Le poids du travail domestique
L’enquête Coconel montre également que les conditions du télétravail étaient très différentes entre les femmes et les hommes: près de la moitié des mères ont ainsi passé environ quatre heures supplémentaires par jour à s’occuper des enfants quand cela n’a concerné qu’un quart des pères. En outre, ces derniers sont plus souvent parvenus à s’isoler, les mères devant rester disponibles pour leurs enfants[9].
Globalement, pendant le confinement, le temps du travail domestique s’est allongé et la charge mentale a explosé : outre la gestion de la «continuité pédagogique» pour celles qui vivent avec des enfants, il faut ajouter les liens maintenus très régulièrement, presque quotidiennement, avec la famille pour laquelle on s’inquiète, les ami-e-s, les parents d’élèves avec lesquels on échange. Et là encore, ce travail incombe principalement aux femmes, parce que, «naturellement», elles s’occupent des autres, elles prennent soin de leurs proches, quel que soit leur âge ou leur productivité.

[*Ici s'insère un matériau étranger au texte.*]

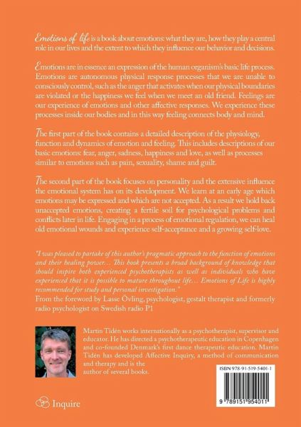 Emotions of life is a book about emotions: what they are, how they play a central role in our lives and the extent to which they influence our behavior and decisions. Emotions are in essence an expression of the human organisms basic life process. Emotions are autonomous physical response processes that we are unable to consciously control, such as the anger that activates when our physical boundaries are violated or the happiness we feel when we meet an old friend. Feelings are our experience of emotions and other affective responses. We experience these processes inside our bodies and in this way feeling connects body and mind. The first part of the book contains a detailed description of the physiology, function and dynamics of emotion and feeling. This includes descriptions of our basic emotions: fear, anger, sadness, happiness and love, as well as processes similar to emotions such as pain, sexuality, shame and guilt. The second part of the book focuses on personality and the extensive influence the emotional system has on its development. We learn at an early age which emotions may be expressed and which are not accepted. As a result we hold back unaccepted emotions, creating a fertile soil for psychological problems and conflicts later in life. Engaging in a process of emotional regulation, we can heal old emotional wounds and experience self-acceptance and a growing self-love.

À l’occasion de la fête des mères, des militantes féministes ont présenté la «facture» qu’a représenté ce travail domestique assumé par les femmes:
« notre facture est celle que nous envoyons à l’État, qui s’est délesté de dépenses socialisées sur les femmes comme l’école ou la prise en charge des dépendant.es. Notre facture est symbolique: nous voulons visibiliser le travail gratuit des femmes qui bénéficie aux hommes et à l’État. Nous voulons, pour le monde d’après, des politiques publiques féministes. »[10]
Revaloriser les métiers à prédominance féminine
Au sortir du confinement, la revalorisation des métiers à prédominance féminine est à l’ordre du jour, à commencer par les infirmières, aides-soignantes, caissières et aides à domicile en première ligne face à la crise sanitaire. Le reportage de cash investigation du 19 mai 2020 était consacré à l’égalité professionnelle, au moment même où une pétition de chercheuses et de syndicalistes revendiquant la revalorisation – c’est-à-dire la prise en compte de la formation, de la qualification, de la pénibilité du travail, etc. – des «emplois et carrières à prédominance féminine» recueillait près de 65 000 signatures[11]. Une brèche s’ouvre donc au sortir du confinement. Comme l’écrit Rachel Silvera: «Les métiers les plus utiles socialement sont les moins payés»[12]: il est urgent d’inverser les priorités.
Dans l’histoire, les moments de crise économique sont particulièrement néfastes pour les droits des femmes. Dans les années 1930, le chômage est utilisé comme justification au retour des femmes mariées au foyer. Durant les années 1970, ces discours réapparaissent sporadiquement: le travail salarié des femmes est considéré comme second, après celui du mari, la rémunération des femmes constituant un salaire d’appoint, un supplément pour le ménage. Aujourd’hui, tandis que des licenciements et un accroissement de la précarité s’annoncent – l’enquête Coconel souligne que «parmi celles qui étaient en emploi au 1er mars 2020, deux sur trois seulement continuent de travailler deux mois plus tard, contre trois hommes sur quatre»[13] – et que les femmes continuent d’occuper majoritairement les temps partiels, les bas salaires et les métiers déqualifiés, vont-elles une nouvelle fois payer la crise?
Nous sommes actuellement à la croisée des chemins. Entre autres, la nouvelle dynamique féministe mondiale qui pèse depuis plusieurs années, irrigue et reconfigure les mouvements sociaux pourrait permettre de l’éviter.